◆ **Task requirements**
Each line starting at the one that contains "开启李跳跳的无障碍权限。" and ending at the one that contains "This painting is" must be returned exactly, and the rest of the listing is left out.

◆ **Given entries**
● ● ● ● ●
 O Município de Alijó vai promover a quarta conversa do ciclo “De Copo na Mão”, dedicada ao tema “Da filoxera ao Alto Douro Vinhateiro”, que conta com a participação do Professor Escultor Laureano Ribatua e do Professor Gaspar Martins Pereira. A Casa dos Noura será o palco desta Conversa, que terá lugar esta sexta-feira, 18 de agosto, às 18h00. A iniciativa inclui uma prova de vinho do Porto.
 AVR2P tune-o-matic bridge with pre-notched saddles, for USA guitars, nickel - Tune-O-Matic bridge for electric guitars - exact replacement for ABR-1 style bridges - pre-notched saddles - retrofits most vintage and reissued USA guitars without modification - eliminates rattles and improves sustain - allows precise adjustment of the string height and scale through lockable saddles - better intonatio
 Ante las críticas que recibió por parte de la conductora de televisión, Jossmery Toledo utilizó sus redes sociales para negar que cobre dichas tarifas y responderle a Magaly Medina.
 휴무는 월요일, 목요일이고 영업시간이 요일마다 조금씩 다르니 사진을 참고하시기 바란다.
● ● ● ● ●
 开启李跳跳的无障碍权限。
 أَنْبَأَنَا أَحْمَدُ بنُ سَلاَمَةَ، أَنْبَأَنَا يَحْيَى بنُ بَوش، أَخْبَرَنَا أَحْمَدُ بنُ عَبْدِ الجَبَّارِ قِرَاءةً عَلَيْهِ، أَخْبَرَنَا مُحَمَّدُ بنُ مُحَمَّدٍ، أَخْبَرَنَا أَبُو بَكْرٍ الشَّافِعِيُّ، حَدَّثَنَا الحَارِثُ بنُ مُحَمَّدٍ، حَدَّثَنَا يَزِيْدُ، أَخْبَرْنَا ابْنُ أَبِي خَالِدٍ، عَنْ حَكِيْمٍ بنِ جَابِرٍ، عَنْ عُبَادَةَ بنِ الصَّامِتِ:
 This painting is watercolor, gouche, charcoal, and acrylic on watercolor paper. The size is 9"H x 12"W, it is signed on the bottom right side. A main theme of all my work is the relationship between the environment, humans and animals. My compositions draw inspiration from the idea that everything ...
● ● ● ● ●
◆ **Finished exercise**
 开启李跳跳的无障碍权限。
 أَنْبَأَنَا أَحْمَدُ بنُ سَلاَمَةَ، أَنْبَأَنَا يَحْيَى بنُ بَوش، أَخْبَرَنَا أَحْمَدُ بنُ عَبْدِ الجَبَّارِ قِرَاءةً عَلَيْهِ، أَخْبَرَنَا مُحَمَّدُ بنُ مُحَمَّدٍ، أَخْبَرَنَا أَبُو بَكْرٍ الشَّافِعِيُّ، حَدَّثَنَا الحَارِثُ بنُ مُحَمَّدٍ، حَدَّثَنَا يَزِيْدُ، أَخْبَرْنَا ابْنُ أَبِي خَالِدٍ، عَنْ حَكِيْمٍ بنِ جَابِرٍ، عَنْ عُبَادَةَ بنِ الصَّامِتِ:
 This painting is watercolor, gouche, charcoal, and acrylic on watercolor paper. The size is 9"H x 12"W, it is signed on the bottom right side. A main theme of all my work is the relationship between the environment, humans and animals. My compositions draw inspiration from the idea that everything ...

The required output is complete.